Какое-то серебристое облако появилось в конце четырехкомнатной анфилады, оно медленным, но еще довольно легким шагом приближалось ко мне. Я смотрел на гладко зачесанные назад волосы цвета самолетного дюраля, на длинное сухое лицо с глубоко посаженными темными цепкими глазами, на вертикальные морщины от скул к подбородку. Он был выше меня почти на целую голову; великолепный серебристо-серый костюм четко облегал подтянутую фигуру, свежая крахмальная рубашка отливала голубизной, и единственной домашней вольностью был слегка распущенный узел синего с серебряной искрой галстука и расстегнутая верхняя пуговка воротника. Я посторонился, мой батюшка вошел в комнату и протянул руку:

— Ну, здравствуй. С сорокалетием тебя. — Низкий, богатый оттенками голос проповедника вибрировал искренним доброжелательством, пожатие сухой руки было энергичным.

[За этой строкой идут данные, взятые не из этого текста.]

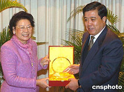 外交部駐港特派員楊文昌(右)2月3日在香港外交部駐港公署接受全國政協(xié)常委﹑中國光彩事業(yè)促進會副會長張永珍博士向外交部扶貧辦公室捐款40萬元港幣﹐在捐贈儀式上楊文昌特派員向張永珍博士贈送紀念品。
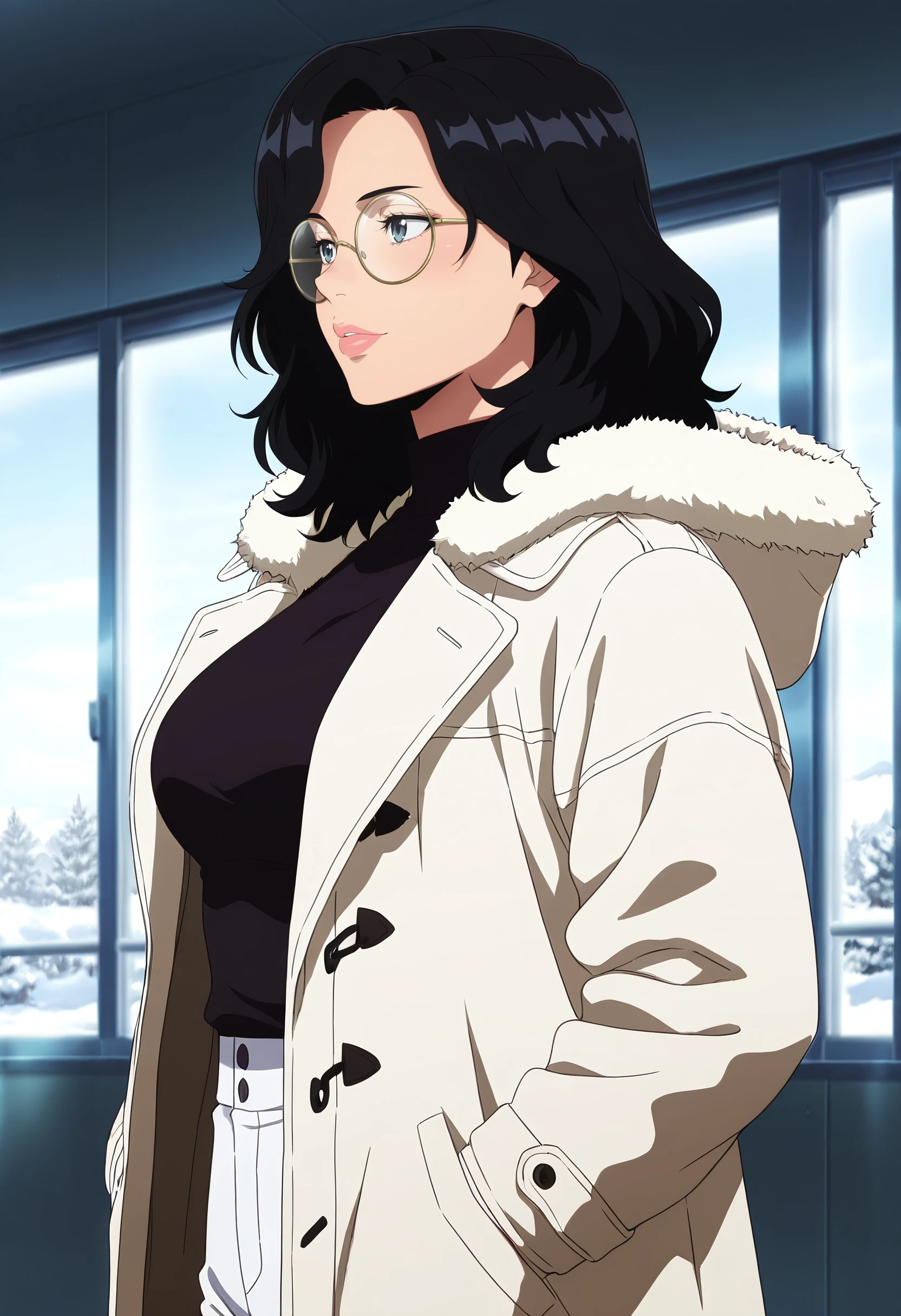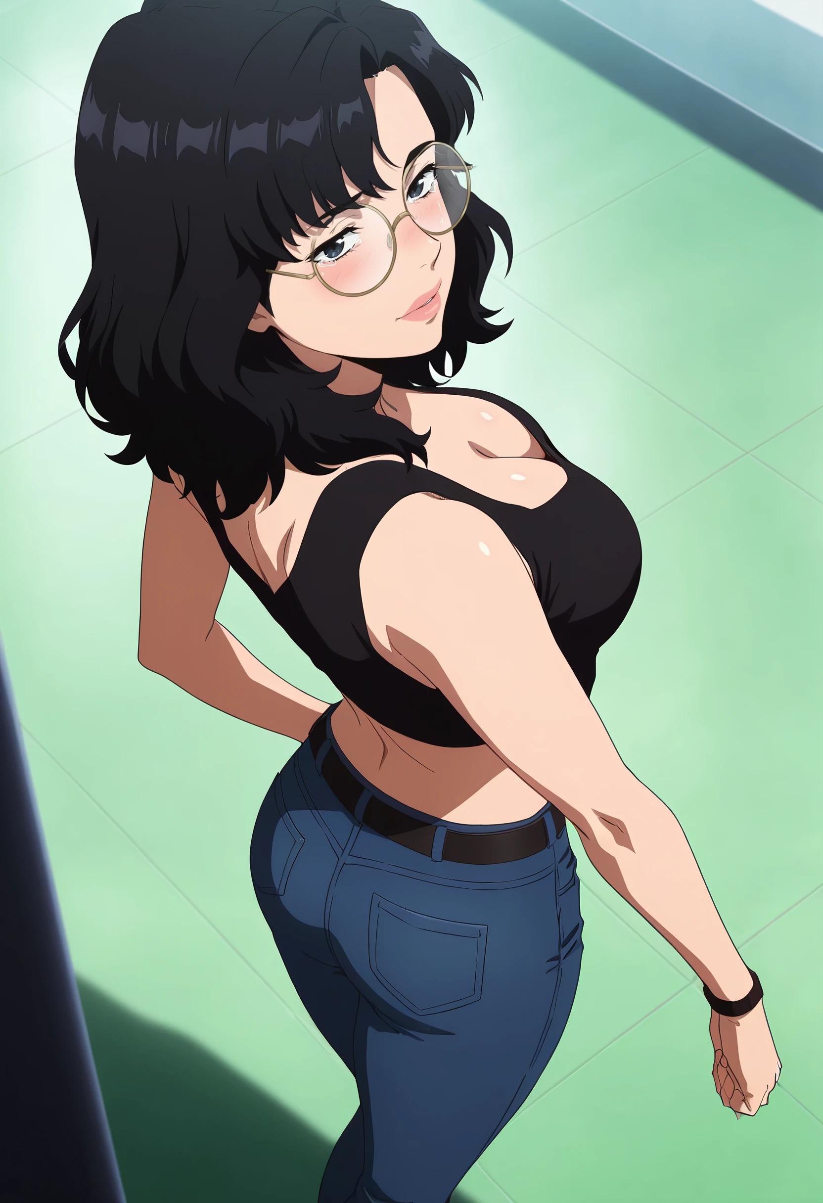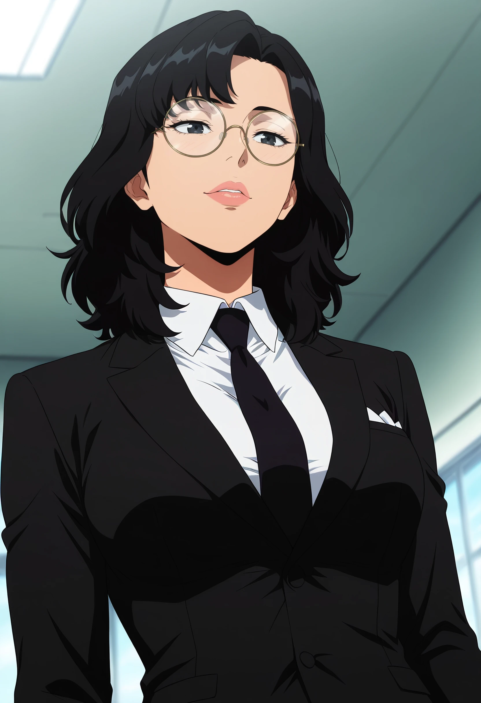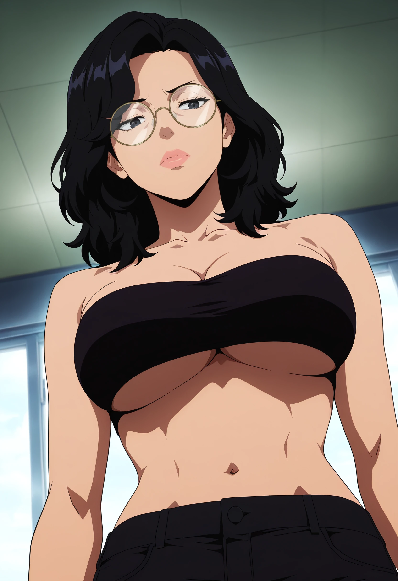 SCDMilena, black eyes, black hair, medium hair, short hair, bangs, long hair, glasses, round eyewear, lips,

— Спасибо, — сказал я и дернул головой в светском поклоне, совсем как воспитанный мальчик.

— Садись, — плавным жестом он указал на диван, подошел к креслу, взял с пюпитра авторучку и аккуратно закрыл колпачком перо. — Чернила подсыхают, а потом не расписать сразу, — он положил ручку на место, чуть повысив голос, сказал в дверь — Инна, сообрази нам что-нибудь, — и сел в кресло у противоположного края стола.

— Как здоровье? — непослушным голосом спросил я, всматриваясь в его сухое длинное лицо.

— Здоровье на седьмом десятке должно быть хорошим всегда, — жесткие его губы приоткрылись в легкой улыбке. — А вот сорок лет — это очень серьезно. В сорок лет… хм, я… да, это — сорок седьмой… в сорок лет я не рассчитывал дожить до шестидесяти с хвостом, — он плотно сомкнул губы, прикрыл глаза, вспоминая.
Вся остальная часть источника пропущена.